Data supplied:

::::::

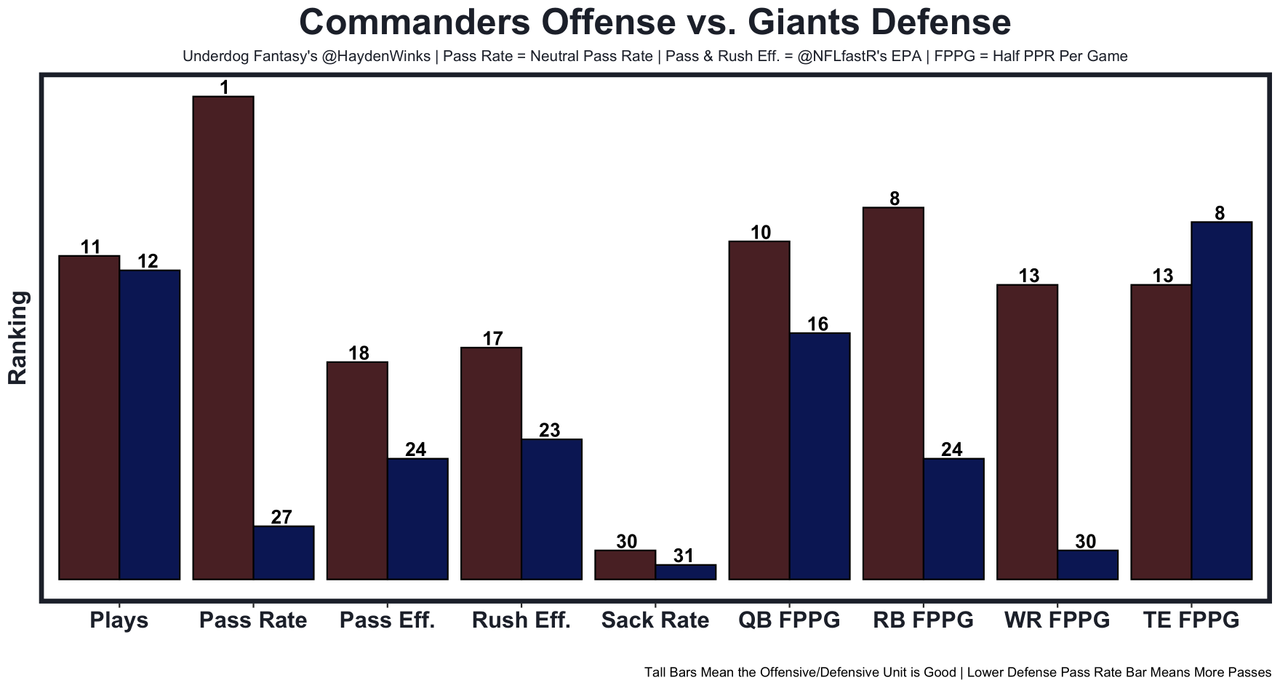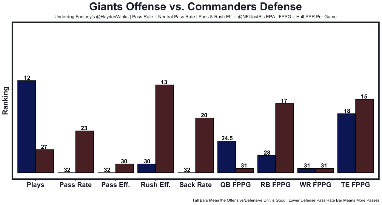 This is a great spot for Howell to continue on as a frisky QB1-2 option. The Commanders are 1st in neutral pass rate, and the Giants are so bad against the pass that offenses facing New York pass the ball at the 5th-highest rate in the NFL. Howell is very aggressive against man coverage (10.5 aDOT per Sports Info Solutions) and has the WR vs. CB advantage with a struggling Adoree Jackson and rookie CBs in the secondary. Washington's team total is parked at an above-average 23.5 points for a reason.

::::::

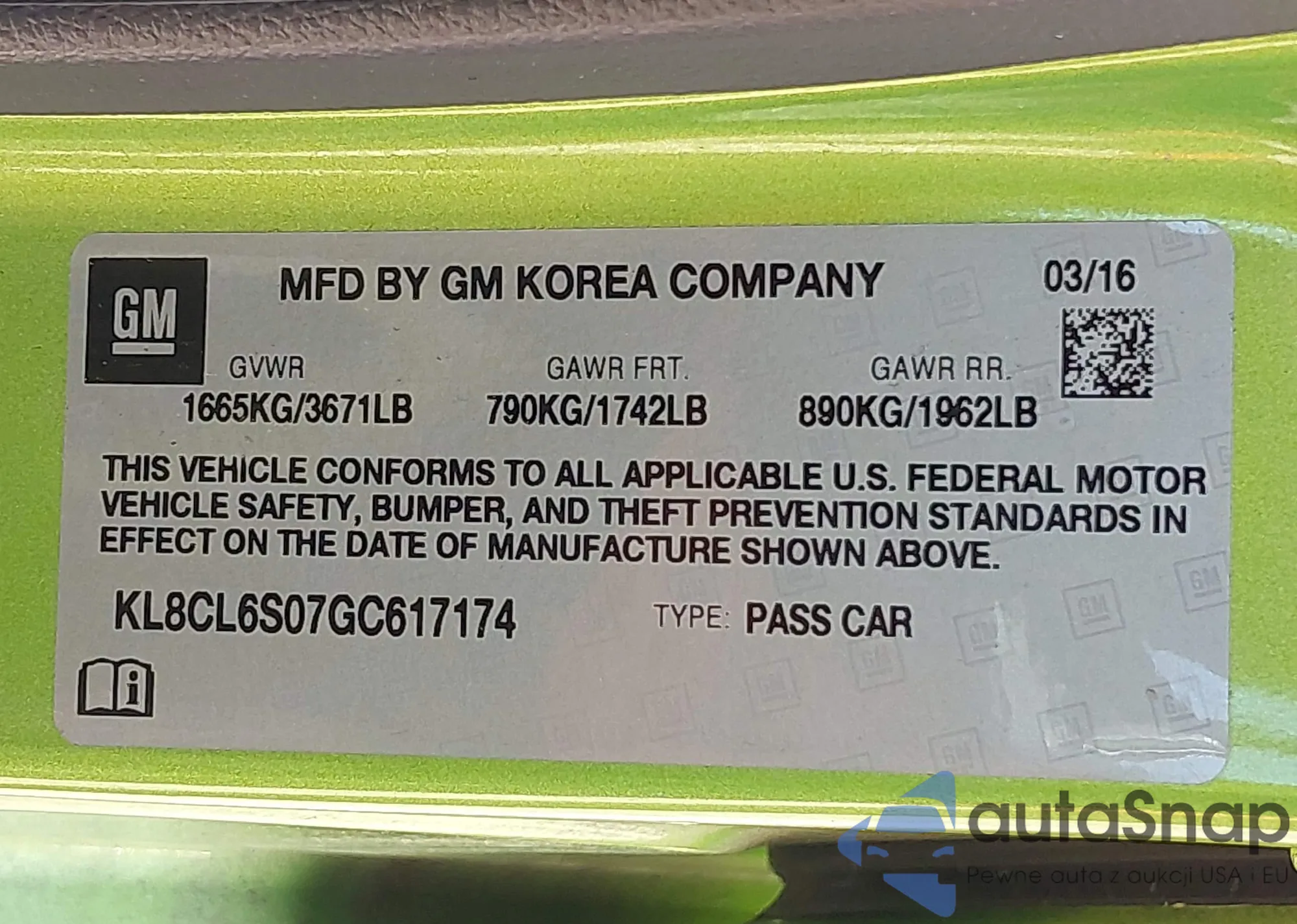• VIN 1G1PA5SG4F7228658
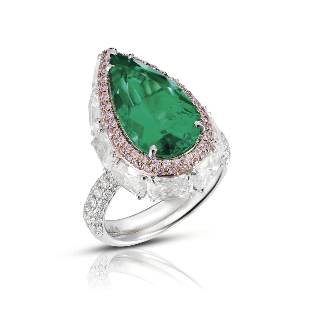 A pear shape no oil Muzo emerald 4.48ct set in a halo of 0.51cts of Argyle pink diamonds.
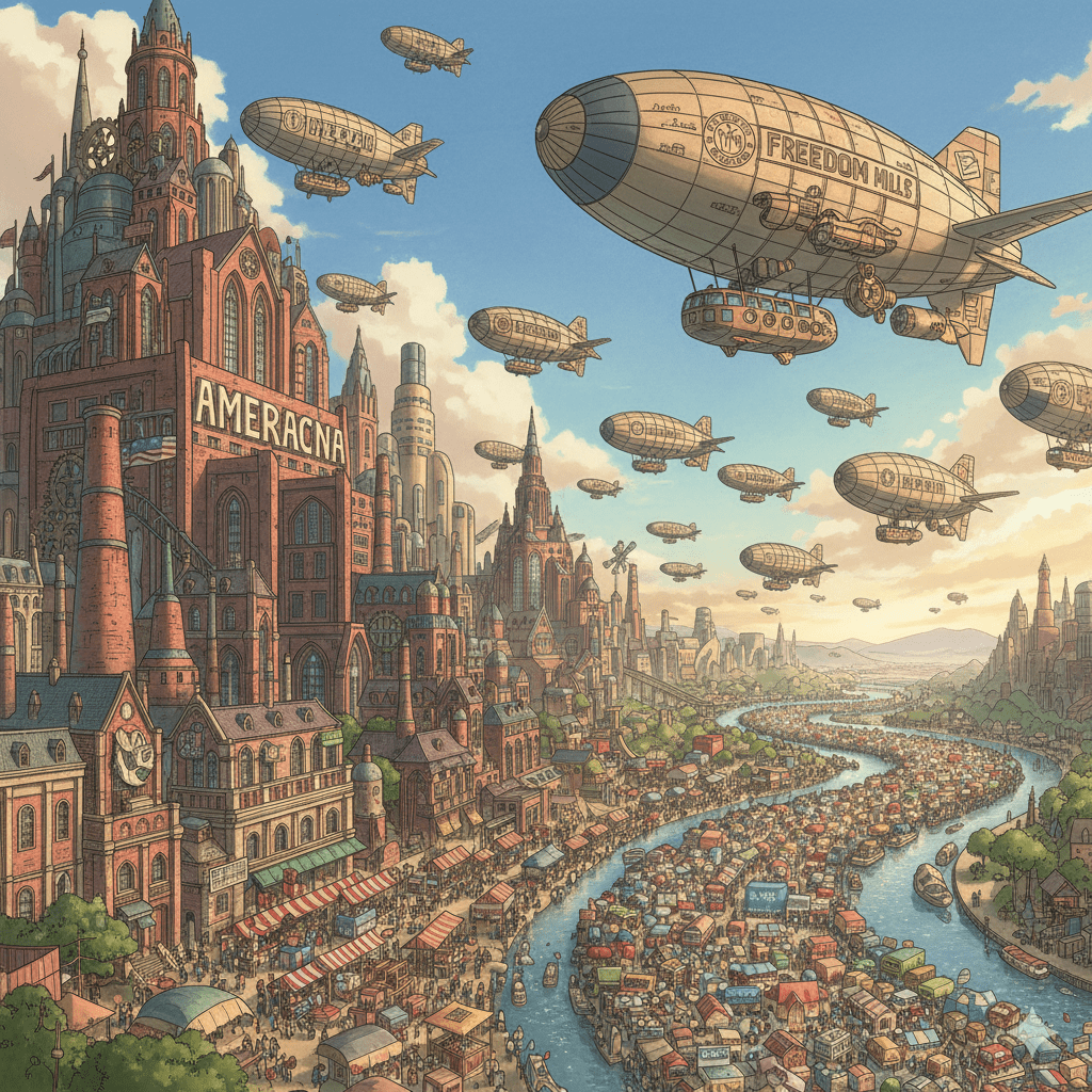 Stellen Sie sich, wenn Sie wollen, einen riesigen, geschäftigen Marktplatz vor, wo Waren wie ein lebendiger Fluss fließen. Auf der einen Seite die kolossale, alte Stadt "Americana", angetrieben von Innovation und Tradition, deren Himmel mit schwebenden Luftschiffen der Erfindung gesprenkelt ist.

::::::

What this task involves: Repeat exactly the lines above, beginning at the one containing "A pear shape" and ending at the one containing "Stellen Sie sich, wenn". Do not carry over any pictures.

Problem solution:
 A pear shape no oil Muzo emerald 4.48ct set in a halo of 0.51cts of Argyle pink diamonds.
 Stellen Sie sich, wenn Sie wollen, einen riesigen, geschäftigen Marktplatz vor, wo Waren wie ein lebendiger Fluss fließen. Auf der einen Seite die kolossale, alte Stadt "Americana", angetrieben von Innovation und Tradition, deren Himmel mit schwebenden Luftschiffen der Erfindung gesprenkelt ist.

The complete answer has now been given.